“Who can ignore that little science experiment you call IKAR?” says Rabbi David Wolpe in an online video “roast” of one of Los Angeles’ most un-orthodox Jewish congregations and its sometimes controversial rabbi, Sharon Brous. “It’s like Mike and Ike, compared to our crème brûlée.”
Wolpe, chief rabbi of Temple Sinai, a grand synagogue on upscale Wilshire Boulevard, was poking good-natured fun at the funky and folksy — but rapidly growing — phenomenon that is IKAR. In the video (scripted as a Purim prank by IKAR’s own in-house comedy writers), he goes on to gibe at Brous’s casual hairstyle and IKAR’s lack of a building of its own.
Brous is sticking with her hairdo. But IKAR, the famously anti-institutional spiritual community she founded with a handful of families eight years ago in a member’s living room, is now moving in some ways toward becoming a traditional institution more like Temple Sinai. Most notably, IKAR, whose members have worshipped for years in a rented auditorium, is planning to purchase a building of its own.
The move reflects the reality of a community that is today a powerful—and in some quarters, envied — force in L.A. Jewish life. But it’s not just the prospect of meeting mortgages, maintenance budgets and insurance costs that portends a seismic change for a congregation more used to flying by the seat of its pants.
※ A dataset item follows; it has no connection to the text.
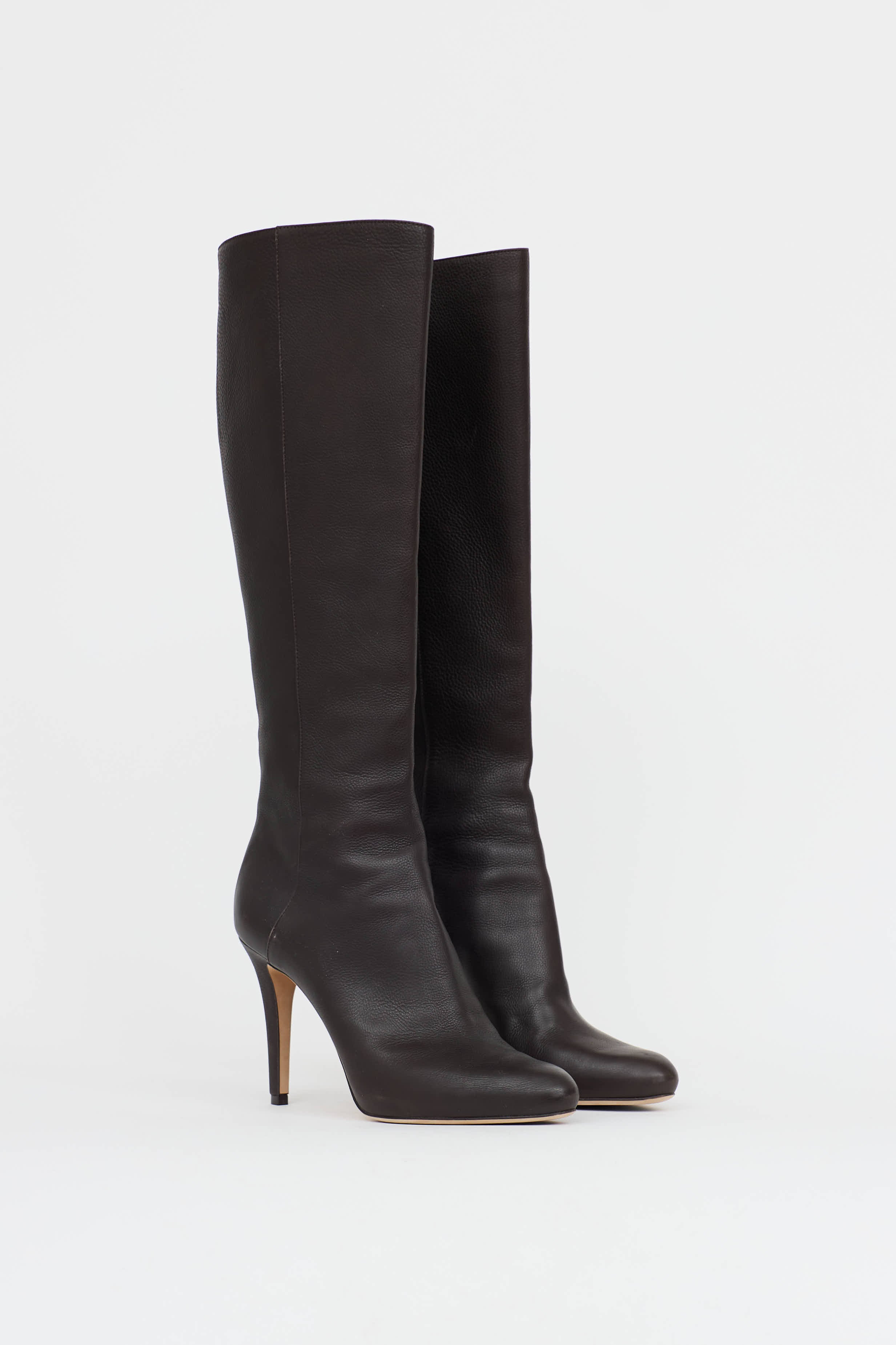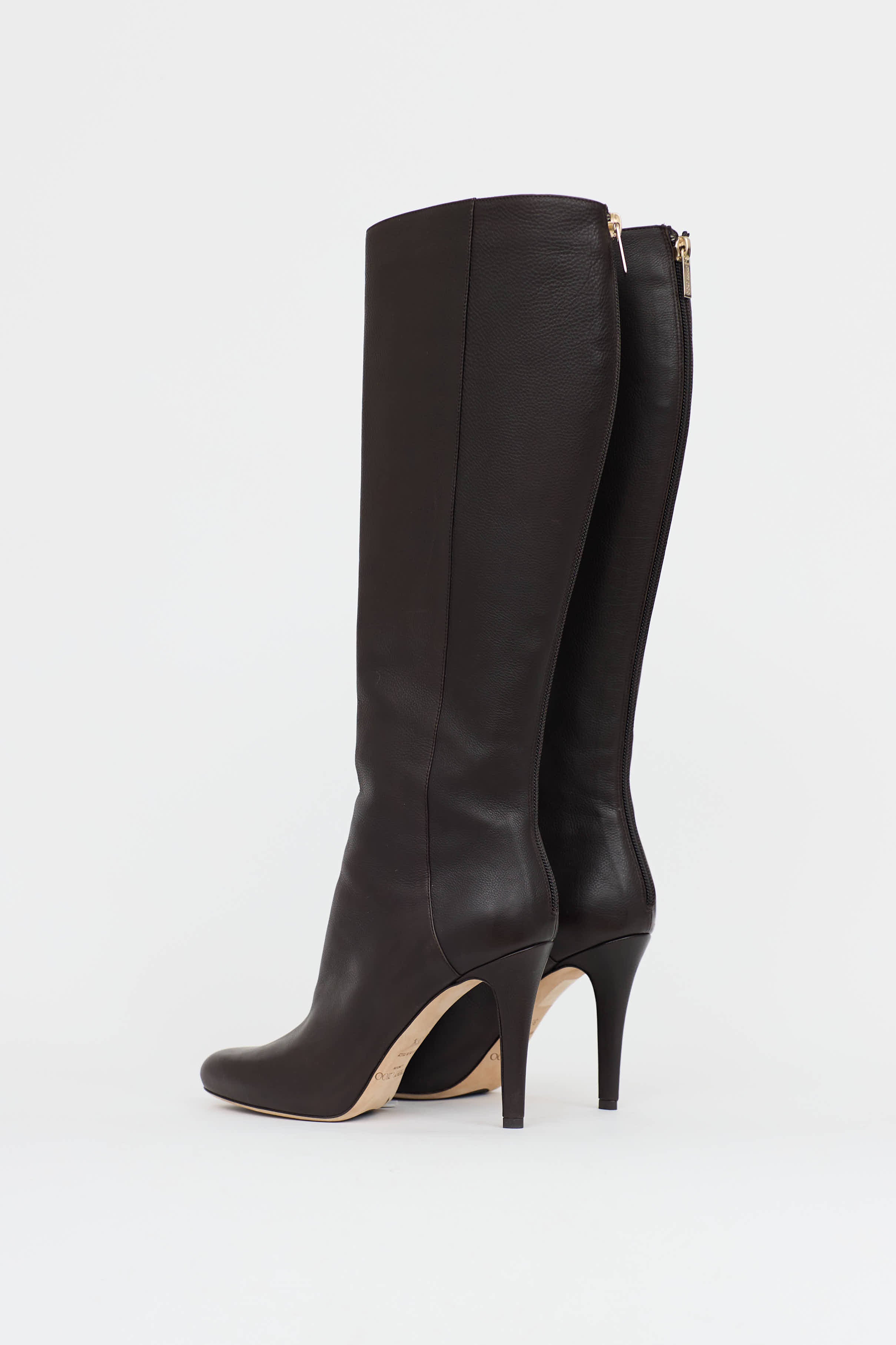 Pre-owned Jimmy Choo brown leather boot featuring a rounded toe, panelled leather upper, knee high shaft, gold toned zipper at back and a wrapped stiletto heel.

IKAR’S vision of that building, if it comes to fruition, will all but revolutionize American Jewry’s concept of what a synagogue is or can be.
In an email to the Forward, the congregation’s executive director and co-founder, Melissa Balaban, described “a dynamic center of Jewish engagement” that will “accommodate a wide range of uses including sacred space, open art studio space, a music lab, a library/beit midrash/beit café, outdoor gathering and garden space [and] a learning center (for children and adults).”